Saltaire Festival each year brings together many thousands of visitors to enjoy some of the best live music, street entertainment, fresh food, cookery demonstrations, arts and crafts as well as open gardens, pop-up events in private homes and not to forget an opportunity to explore the model industrial community not far from Bradford, itself.

The festival began in 2003 and has steadily grown to become a much anticipated event in West Yorkshire attracting something like 50,000 visitors and it is run completely run by volunteers with the backing of generous sponsors including Bradford Council, the Salt Foundation, Salts Mill, the Arts Council, the National Lottery and the tourism authority Welcome to Yorkshire.

One of the new and exciting events held for the first time this year was the Saltaire Festival Arts Adventure which is a programme of outdoor arts new and established work from artists working around the region.
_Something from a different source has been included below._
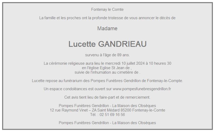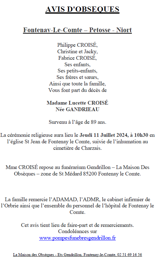 Cet espace « condoléances » est dédié à la mémoire de Madame Lucette CROISÉ née GANDRIEAU.

It takes about £60,000 to stage the festival which hasn’t an entry fee and this year organisers turned to crowd funding for help and successfully raised a target of £1,000 needed to pay for essential people and equipment such as security and first aid as well as PA systems and staging.

Volunteers are vital to the success of the festival so if you want to get involved don’t hesitate go to for more information.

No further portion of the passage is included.